## About this task
Below are entries; copy exactly, and only, the lines from the one containing "Record. | |||||" through their final line, leaving out pictures.

## Provided entries
-- Opening Marker --
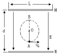 2、计算题  如图水平固定放置的平行金属板M、N,两板间距为d。在两板的中心(即到上、下板距离相等,到板左、右端距离相等)有一悬点O系有一长r=d/4的绝缘细线,线的另一端系有一质量为m、带正电荷的小球,电荷量为q。两板间有一竖直向下的匀强电场,匀强电场大小E=3mg/q。小球在最低点A处于静止。求:
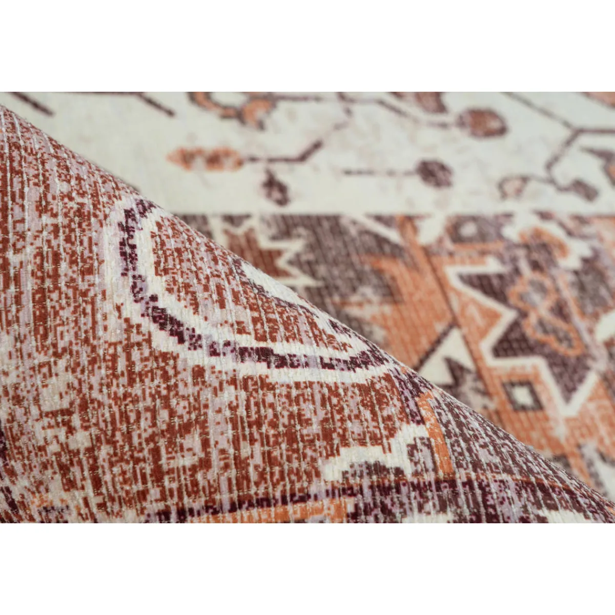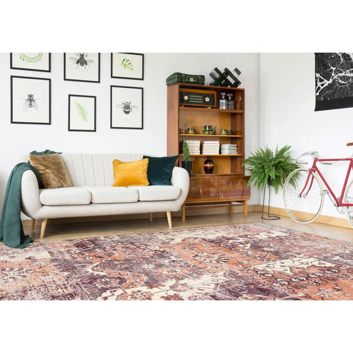 Flachflorteppich mit Vintage-CharakterDieser Teppich mit flachem Flor wird durch das geprintete Vintage-Design zum Blickfang in jedem Wohnbereich. Das Muster vereint einen attraktiven Ethno-Style mit für den Vintage-Stil typischen Verwaschungen und sorgt so für einen besonderen Look. Durch die Kombination mit attraktiven Wohnaccessoires wie Sitzpoufs oder Sofakissen im Vintage-Stil können Sie das Einrichtungskonzept verstärken und Ihren ganz individuellen Style einbringen. Zu modernen, schlichten Möbeln, beispielsweise aus Holz, lässt sich das attraktive Design optimal kombinieren, denn dort kommt er besonders gut zur Geltung. Die Vielseitigkeit des Teppichs macht ihn zu einem Allrounder, der in nahezu jedem Wohnstil seinen Platz finden kann. Die Pflegeleichtigkeit des flachen Flors ist ein weiterer Pluspunkt des Modells. Er kann auch in Räumen mit Fußbodenheizung eingesetzt werden. Verstärkt ist der Flor mit einem Rücken aus Canvas.
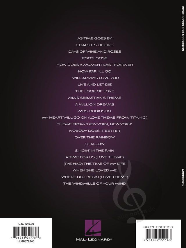 Dieser großartige Sammelband präsentiert Ihnen 23 legendäre Filmsongs für Akkordeon.
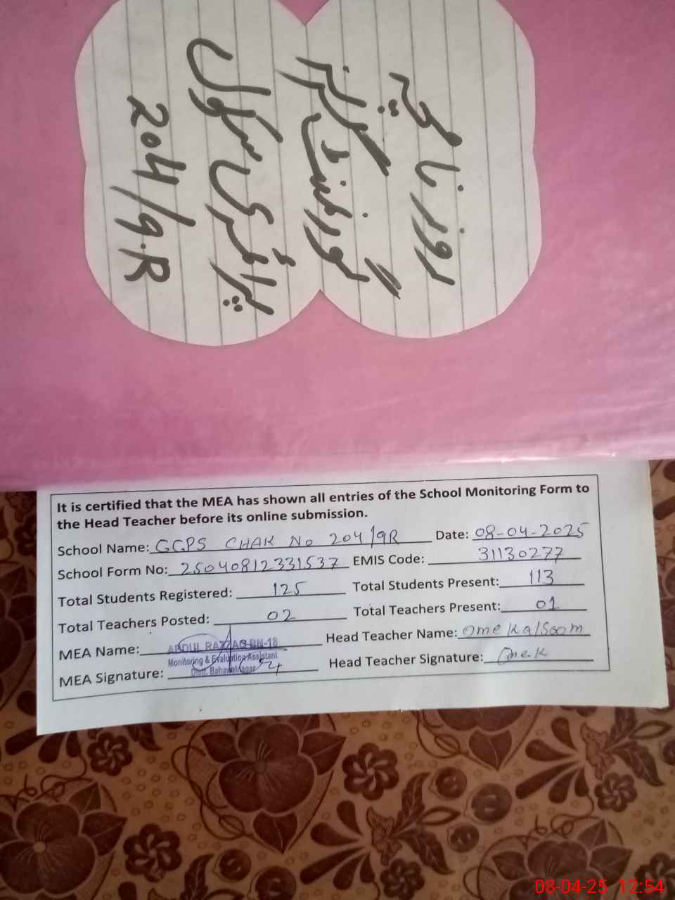 | Certified that this School was Inspected by the Undersigned MEA/DMO Today and the Information Stated Above is as Per Record. | |||||
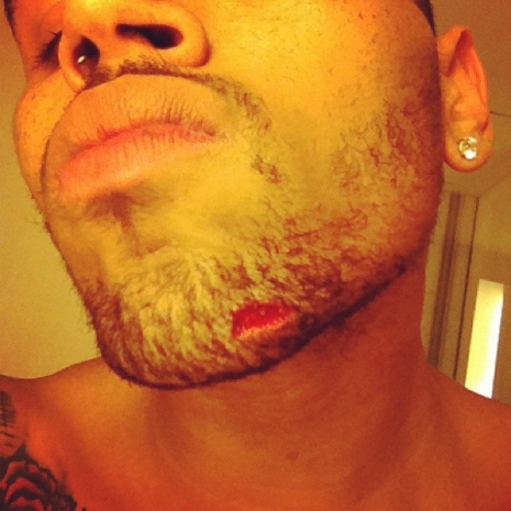 A források szerint a dulakodásban öt ember sérült meg könnyebben, sőt maga Chris sem úszta meg épen, mivel nemrég a Twitter-profilján közétett egy képet, amin a megsebesült állát mutatja. A képet nem sokkal a posztolás után eltávolította, de a szemfüleseknek sikerült lementeniük, sőt néhányan még azt is tudni vélik, hogy a szupersztár a kórházat is megjárta.
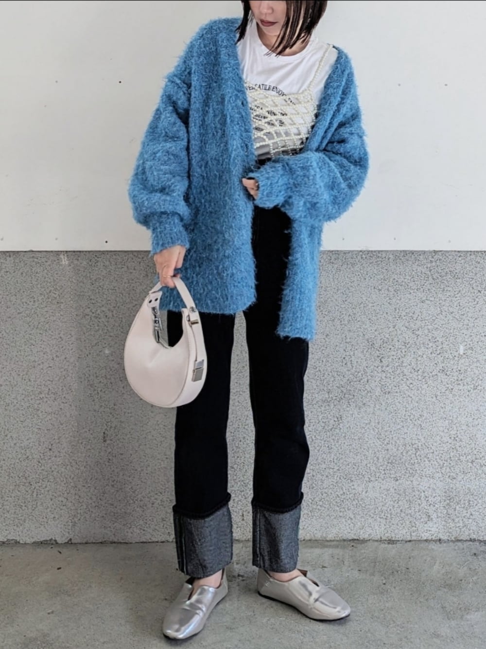 yume のデニムパンツ「カラーステッチロールアップハイウエストデニムパンツ」を使ったコーディネート
-- Closing Marker --
## Problem solution
 | Certified that this School was Inspected by the Undersigned MEA/DMO Today and the Information Stated Above is as Per Record. | |||||
 A források szerint a dulakodásban öt ember sérült meg könnyebben, sőt maga Chris sem úszta meg épen, mivel nemrég a Twitter-profilján közétett egy képet, amin a megsebesült állát mutatja. A képet nem sokkal a posztolás után eltávolította, de a szemfüleseknek sikerült lementeniük, sőt néhányan még azt is tudni vélik, hogy a szupersztár a kórházat is megjárta.
 yume のデニムパンツ「カラーステッチロールアップハイウエストデニムパンツ」を使ったコーディネート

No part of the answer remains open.